While Reinforcement Learning with Verifiable Rewards (RLVR) is effective for deterministically checkable tasks, many vision-language tasks are partially verifiable, demanding multi-criteria supervision (e.g., perceptual details, reasoning steps, and constraints). Rubrics provide a natural interface for this fine-grained supervision, but their effectiveness depends on the execution accuracy during online RL. We propose Reinforcement Learning with Robust Rubric Rewards ($\text{RLR}^3$), extending RLVR from task-level verification to criterion-level verification. $\text{RLR}^3$ routes instance-specific rubrics through two execution paths: an LLM-as-an-extractor paired with a deterministic verifier, or an LLM-as-a-Judge for non-verifiable criteria. To ensure faithful scoring, $\text{RLR}^3$ introduce a minimal exposure strategy that masks ground truths from extractors and images from judges. Furthermore, $\text{RLR}^3$ employs hierarchical aggregation to prioritize essential criteria over additional criteria, and mitigates score saturation within rollout groups. Evaluated on Qwen3-VL-30B-A3B across 15 benchmarks, $\text{RLR}^3$ consistently outperforms RLVR, yielding a 4.7-point improvement over the base model and exceeding the official instruct-to-thinking model gap. Controlled audits confirm our deterministic verification and minimal exposure significantly reduce exploitable false positives.

Editorial analysis

A structured set of objections, weighed in public.

Desk editor's note, referee report, simulated authors' rebuttal, and a circularity audit. Tearing a paper down is the easy half of reading it; the pith above is the substance, this is the friction.

Referee Report

2 major / 1 minor

Summary. The paper proposes Reinforcement Learning with Robust Rubric Rewards (RLR³) as an extension of RLVR for vision-language tasks. It routes instance-specific rubrics through an LLM-as-extractor with deterministic verifier or LLM-as-Judge paths, applies minimal exposure (masking ground truth from extractors and images from judges), uses hierarchical aggregation to prioritize criteria, and mitigates score saturation. The central claim is that RLR³ consistently outperforms RLVR on Qwen3-VL-30B-A3B across 15 benchmarks, delivering a 4.7-point average gain over the base model that exceeds the official instruct-to-thinking gap, with controlled audits showing reduced exploitable false positives.

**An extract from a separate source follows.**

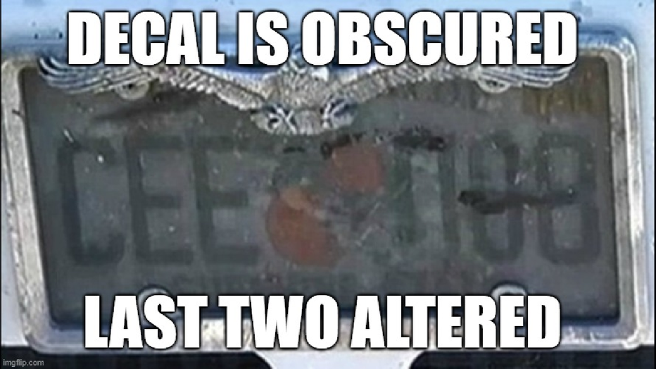 This license plate is an example in which a driver will face fines or jail time under Florida 2025 license plate obscurement statute. (Source: Casselberry Police Department)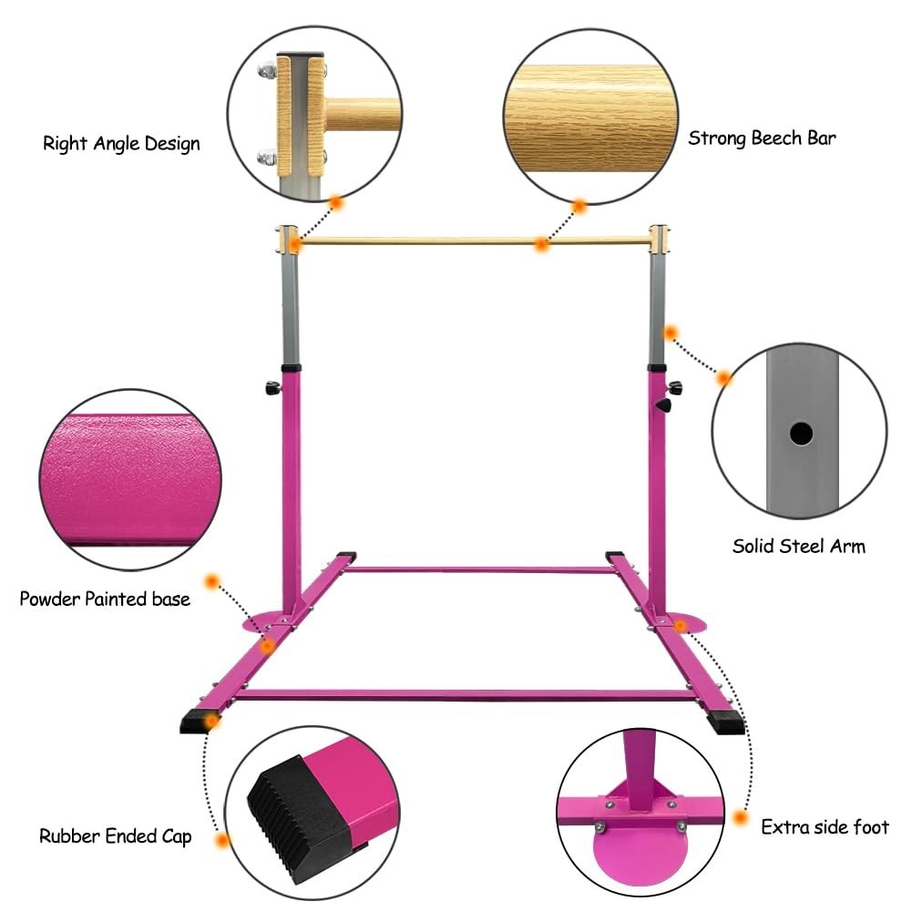 Gymnastic Kip Bar Horizontal Bar for Kids Girls Junior 3 to 5 Adjustable Height

Significance. If the empirical gains and audit results prove robust, the approach offers a practical route to criterion-level rewards for partially verifiable VL tasks, potentially improving upon task-level RLVR by reducing reward hacking while preserving fine-grained supervision. The minimal-exposure masking and hierarchical aggregation are concrete engineering contributions that could generalize beyond the evaluated model.

major comments (2)
  1. [Abstract] Abstract: The headline result of a 4.7-point improvement (and outperformance of the instruct-to-thinking gap) is reported without error bars, per-benchmark tables, or any statistical significance tests. This is load-bearing for the claim of consistent outperformance across 15 benchmarks.
  2. [Abstract] Abstract: The assertion that 'controlled audits confirm our deterministic verification and minimal exposure significantly reduce exploitable false positives' provides no quantitative details on audit scale, rubric diversity, or measured judge accuracy under image masking for perceptual or constraint criteria. This directly affects the central assumption that the routing paths produce faithful scores without introducing new leakage.
minor comments (1)
  1. [Abstract] Grammatical error in the abstract: 'RLR³ introduce a minimal exposure strategy' should read 'RLR³ introduces a minimal exposure strategy'.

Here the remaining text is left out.